Вот тут мы и разошлись.
Я сказал, что поднять полпартии нельзя.
Сказал я это не сгоряча и не из упрямства, и до сих пор считаю, что довод у меня был не глупый. Весь наш год стоял на том, что партия — это одна запись: одна делянка, один срок, один вес, одна квитанция и одно имя того, кто за неё отвечает. Так записано в майском решении, так заведены три книги, так это объяснялось бабам в мае и так же — правлению.
Подними мы половину двадцать седьмого, а половину второго октября — и партии не станет. Будет две неполные, у которых разные даты и разная вылежка, и на приёмке нас спросят, что это такое, и правильно спросят.
— Запиши двумя строками.
— Двумя строками — это две партии.
— Это одна партия, поднятая в два срока.
— На приёмке этого не поймут.
— На приёмке поймут руками.

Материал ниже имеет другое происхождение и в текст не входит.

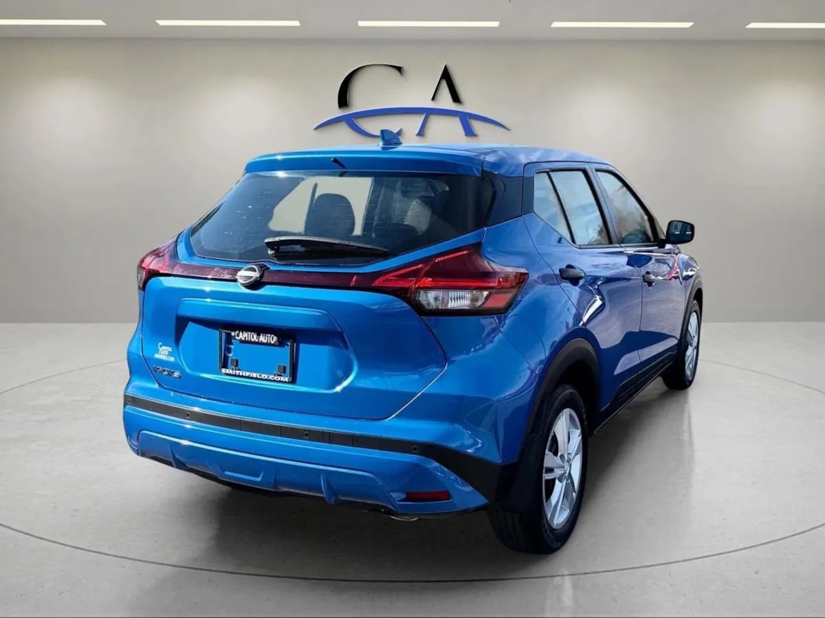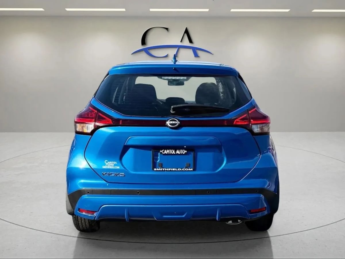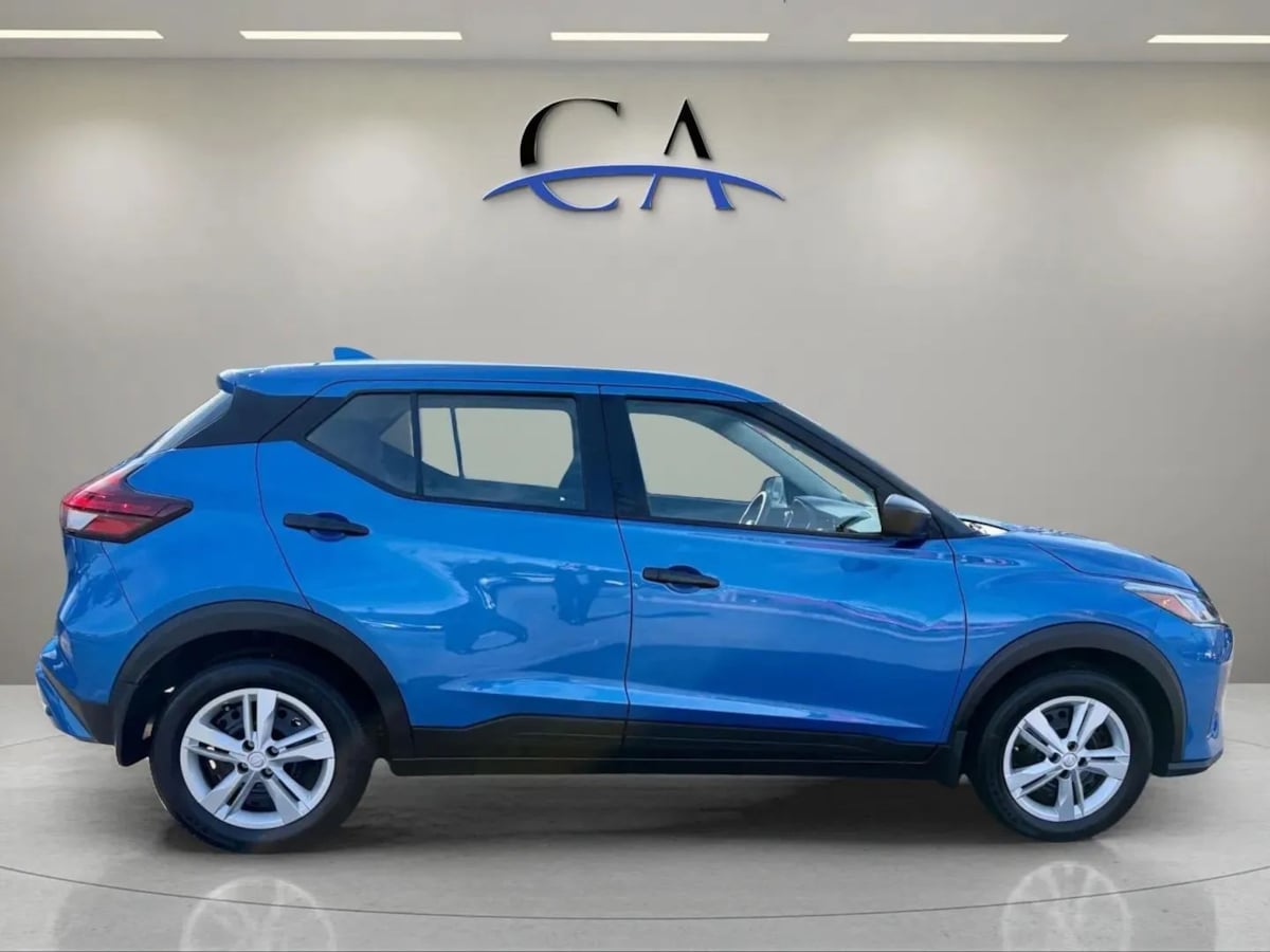 Our One Owner 2024 Nissan Kicks S can get your next adventure off to a stylish start in Electric Blue Metallic! Motivated by a 1.6 Liter 4 Cylinder that supplies 122hp paired with an Xtronic CVT tuned for urban action. This Front Wheel Drive SUV also returns nearly 36mpg on the highway with unmistakable good looks. Athletic and aggressive, our Kicks can command attention with a chrome grille, power mirrors, and strong lines. There's a bold spirit on display in our S cabin, which combines convenience and comfort with supportive cloth seats, a multifunction steering wheel, air conditioning, keyless access/ignition, and rewarding infotainment resources. Leading the way is a 7-inch touchscreen that works with Android Auto®, Apple CarPlay®, Bluetooth®, and a six-speaker sound system to help keep you connected to your world. Clever cargo space enables you to make the most of this SUV's nimble dimensions, too! Nissan knows you don't want to sacrifice safety for efficiency, so you're well-protected as you go with a rearview camera, front/rear automatic braking, lane-departure warning, a blind-spot monitor, hill-start assistance, and more. Sporty and versatile, our Kicks S is virtually irresistible! Save this Page and Call for Availability. We Know You Will Enjoy Your Test Drive Towards Ownership!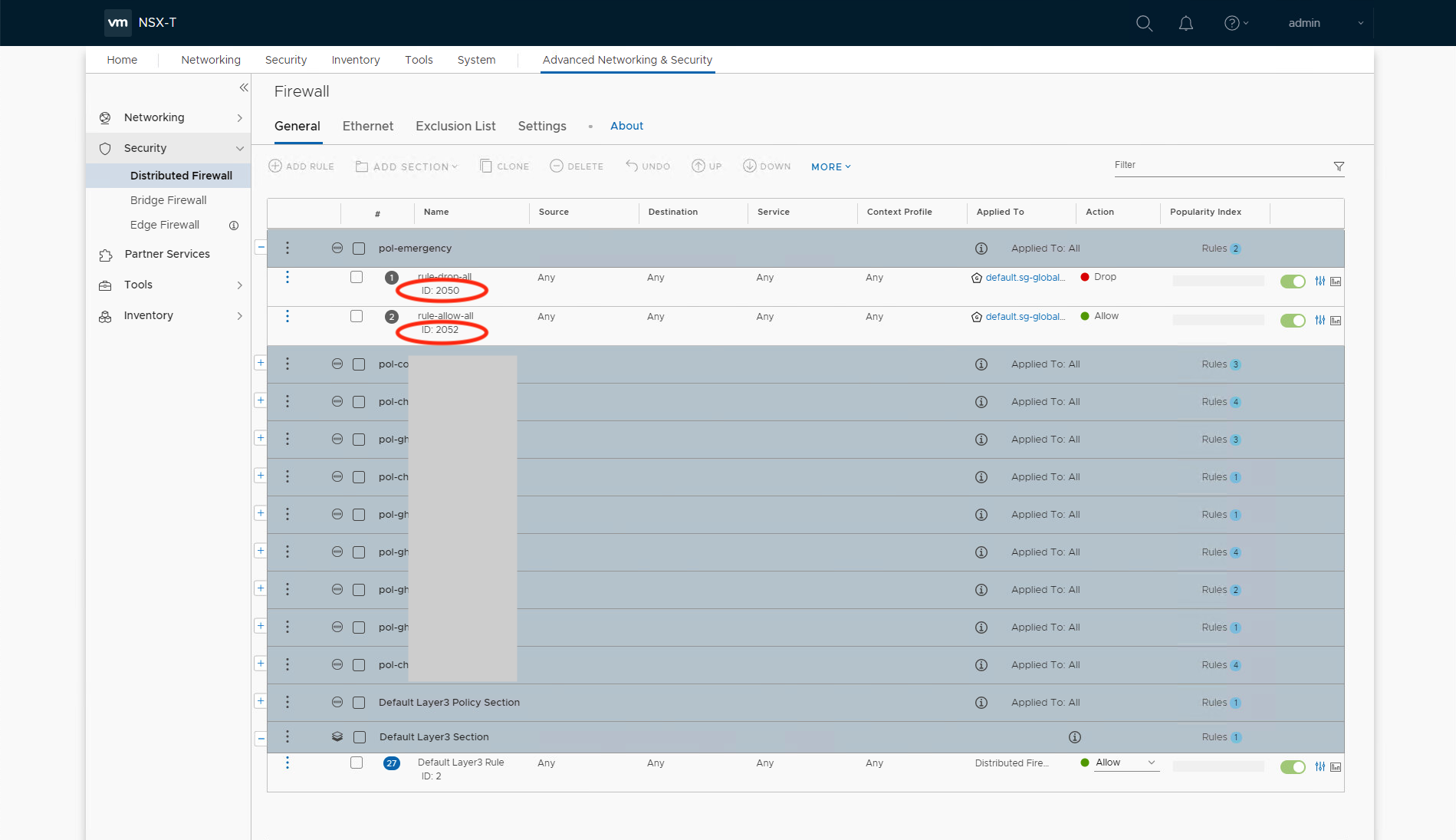 L’id de la règle matchée apparait juste après le « match PASS » ou le « TERM ». Dans l’exemple, on discerne la 7202 et la 7193. Vous remarquerez au passage que ce format de log est relativement standard, il est facile de l’injecter dans une suite type Elastic/Logstash/Kibana par exemple (si vous ne voulez pas utiliser Log Insight). Pour retrouver le nom de votre règle, il faut aller dans la section « Advanced Networking & Security->Security->Distributed Firewall » et déployer vos règles, Vous aurez accès à leur ID. Malheureusement, jusqu’à la 2.4.1, a ma connaissance, l’ID n’est visible qu’à cet endroit dans l’interface graphique :

Они не бумагу мнут.
Я не согласился.
Не буду выдумывать себе задним числом ни колебаний, ни предчувствий: в тот вечер я был уверен, что прав, и уверен был спокойно, ровно и без всякого напряжения, какое бывает у человека, когда он уговаривает сам себя.
У меня перед глазами стояла квитанция, которой ещё не было, и графа в ней, и то, как я эту графу объясняю Стожарову, и как он ведёт по ней пальцем и спрашивает, отчего у одной партии две даты подъёма, а у двух других по одной; и я заранее слышал собственный ответ, и ответ этот в моей голове звучал складно, и складность его была мне приятна.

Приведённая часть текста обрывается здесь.